We define all our utility classes in a .util which due to it's size now has 13 sub-packages and about 60 classes under the root (.util) class. We also use 3rd party libraries such as most of the apache commons jars and some of the jars that make up Guava.
I'm positive that we can reduce the amount of utilities by half if we put someone on the task of refactoring that entire package, I was wondering if there are any tools which can make that operation less costly, and if there are any methodologies which can delay as much as possible the problem from recurring.
A good solution to this problem is to start adding more object-orientation. To use your example:
Example: engineer A has 3 places he needs to transform XML to String so he writes a utility class called XMLUtil and places a static toString(Document) method in it
The solution is to stop using primitive types or types provided by the JVM (String, Integer, java.util.Date, java.w3c.Document) and wrap them in your own project-specific classes. Then your XmlDocument class can provide a convenient toString method and other utility methods. Your own ProjectFooDate can contain the parsing and formatting methods that would otherwise end up in various DateUtils classes, etc.
This way, the IDE will prompt you with your utility methods whenever you try to do something with an object.
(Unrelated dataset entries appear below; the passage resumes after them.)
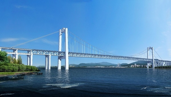 五峰山長江特大橋是連鎮鐵路跨越長江的新型大型結構工程,橋北位于鎮江市丹徒區高橋鎮,橋南位于鎮江市新區五峰山腳下,設計里程DK273+073.310~DK279+482.219,全長6408.909m;其中主橋長1428m。鐵路設計行車速度250km/h,正線線間距4.6m,預留兩線鐵路。高速公路雙向八車道,設計行車速度100公里/小時。
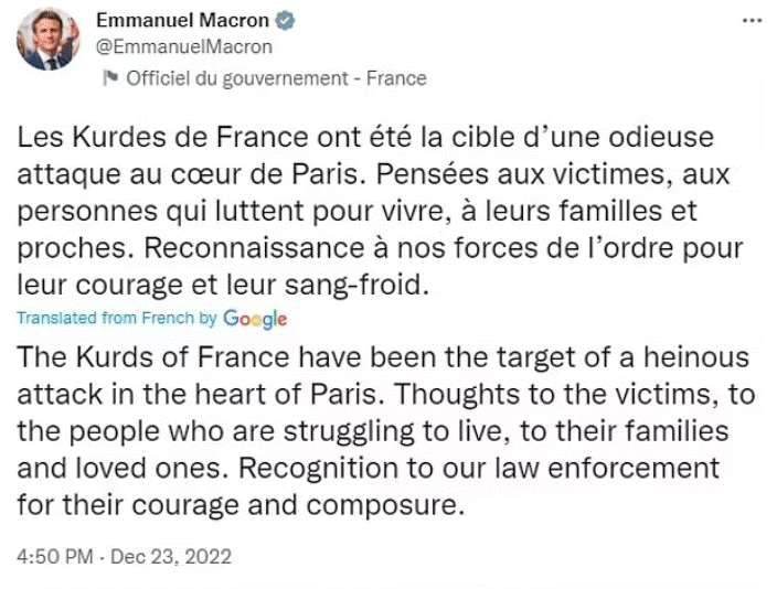 “Kurdët e Francës kanë qenë objektivi i një sulmi të tmerrshëm në zemër të Parisit. Mendime për viktimat, për njerëzit që po luftojnë për të jetuar, për familjet dhe të dashurit e tyre. Njohje për forcat tona të rendit për guximin dhe qetësinë e tyre”, tha Macron.
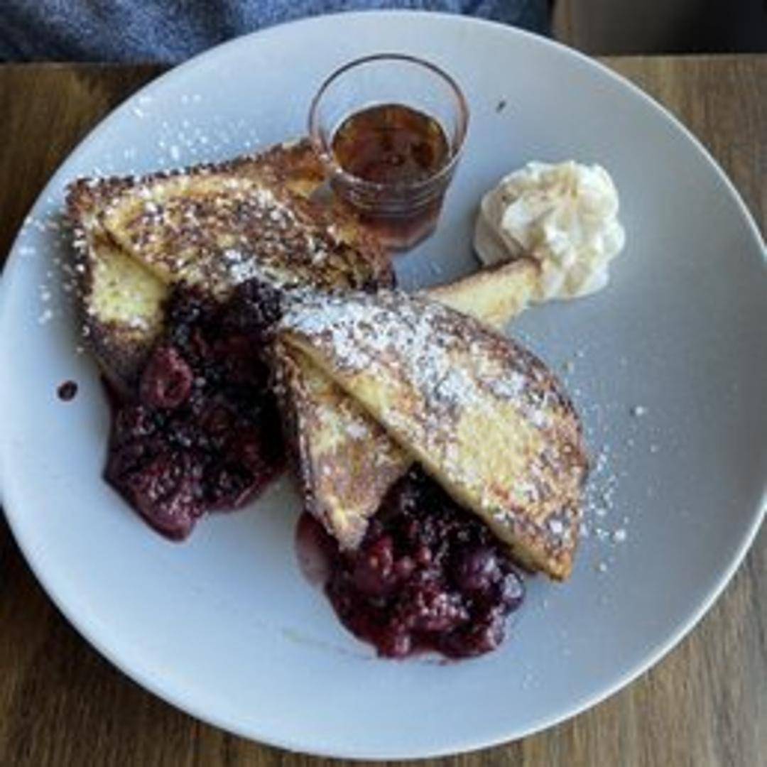 Thick-cut brioche bread soaked in a vanilla custard and griddled to golden perfection, served with maple syrup, berries, and whipped cream.
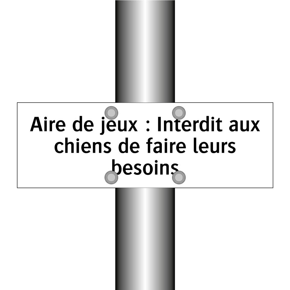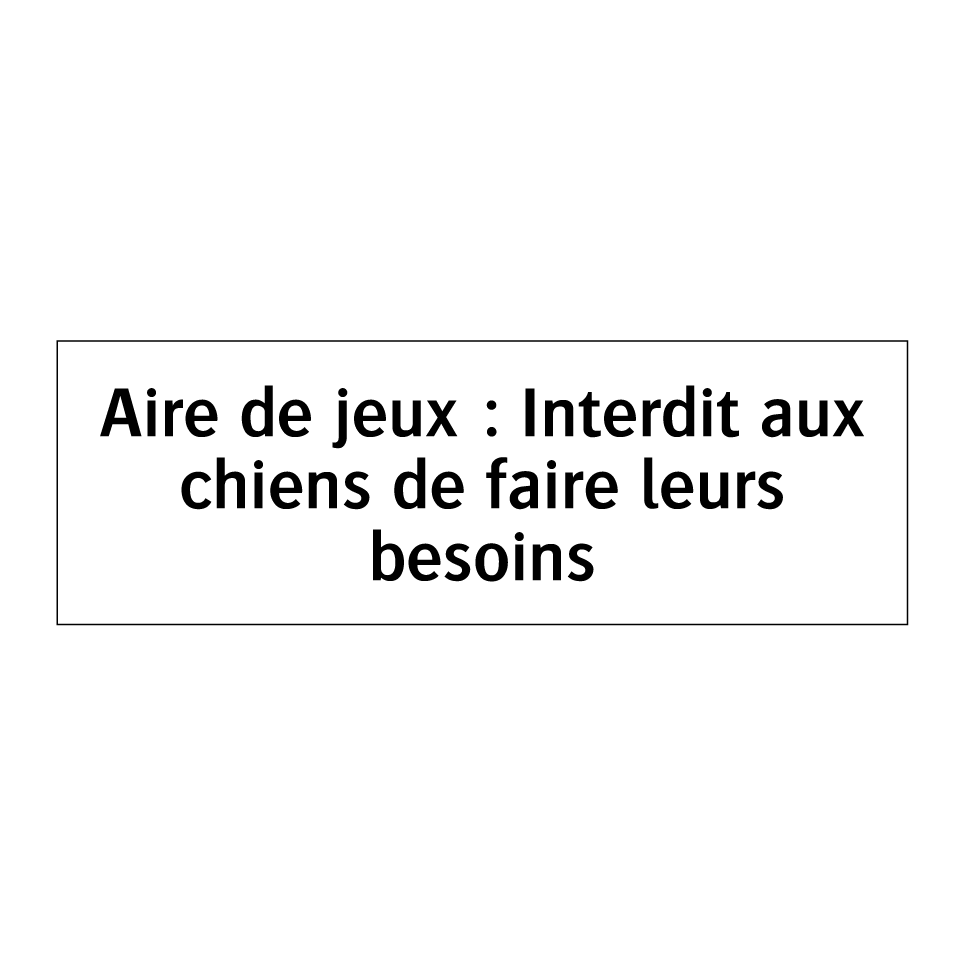 Panneau d'interdiction avec le texte : "Aire de jeux : Interdit aux chiens de faire leurs besoins"
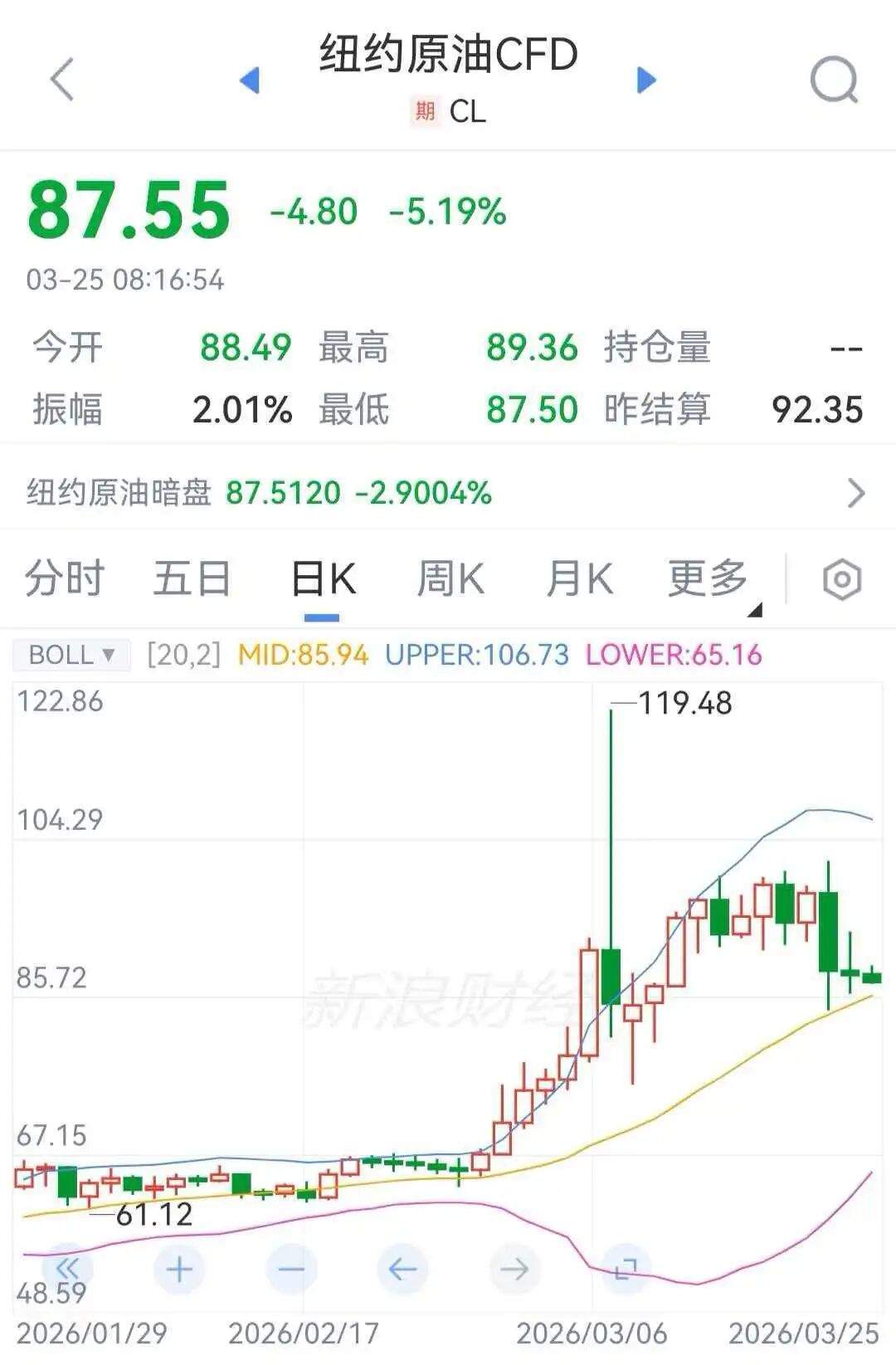 3月25日,国际油价大跌。布伦特原油期货跌近6%,报94.35美元/桶,WTI原油期货跌5.19%,报87.55美元/桶。
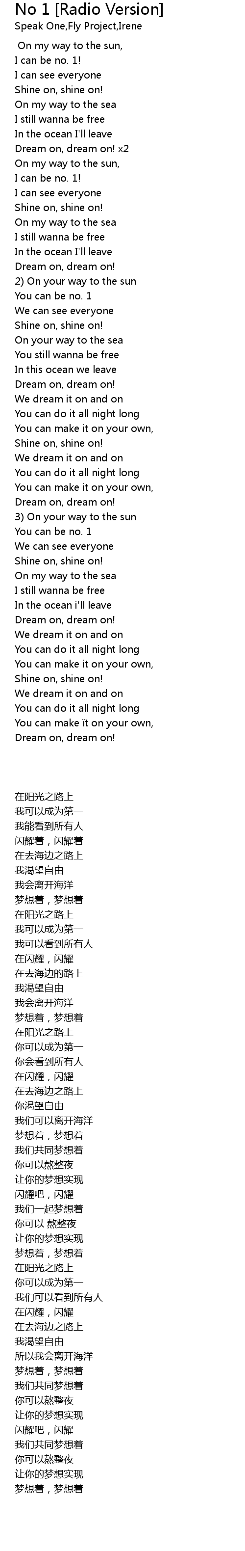 | [02:00.72] | You can be no. 1 |

Your problem is a very common one. And a real problem too, because there is no good solution.
We are in the same situation here, well I'd say worse, with 13 millions line of code, turnover and more than 800 developers working on the code. We often discuss about the very same problem that you describe.
The first idea - that your developers have already used - is to refactor common code in some utility classes. Our problem with that solution, even with pair programming, mentoring and discussion, is that we are simply too many for this to be effective. In fact we grow in subteams, with people sharing knowledge in their subteam, but the knowledge doesn't transit between subteams. Maybe we are wrong but I think that even pair programming and talks can't help in this case.
We also have an architecture team. This team is responsible to deal with design and architecture concerns and to make common utilities that we might need. This team in fact produces something we could call a corporate framework. Yes, it is a framework, and sometimes it works well. This team is also responsible to push best practices and to raise awareness of what should be done or not, what is available or what is not.
Good core Java API design is one of the reason for Java success. Good third party open sources libraries count a lot too. Even a small well crafted API allows to offer a really useful abstraction and can help reduce code size a lot. But you know, making framework and public API is not the same thing at all as just coding an utility class in 2 hours. It has a really high cost. An utility class costs 2 hours for the initial coding, maybe 2 days with debugging and unit tests. When you start sharing common code on big projects/teams, you really make an API. You must ensure perfect documentation then, really readable and maintainable code. When you release new version of this code, you must stay backward compatible. You have to promote it company wide (or at least team wide). From 2 days for your small utility class you grow to 10 days, 20 days or even 50 days for a full-fledged API.
And your API design may not be so great. Well, it is not that your engineers are not bright - indeed they are. But are you willing to let them work 50 days on a small utility class that just help parsing number in a consistent way for the UI? Are you willing to let them redesign the whole thing when you start using a mobile UI with totally different needs? Also have you noticed how the brightest engineers in the word make APIs that will never be popular or will fade slowly? You see, the first web project we made used only internal frameworks or no framework at all. We then added PHP/JSP/ASP. Then in Java we added Struts. Now JSF is the standard. And we are thinking about using Spring Web Flow, Vaadin or Lift...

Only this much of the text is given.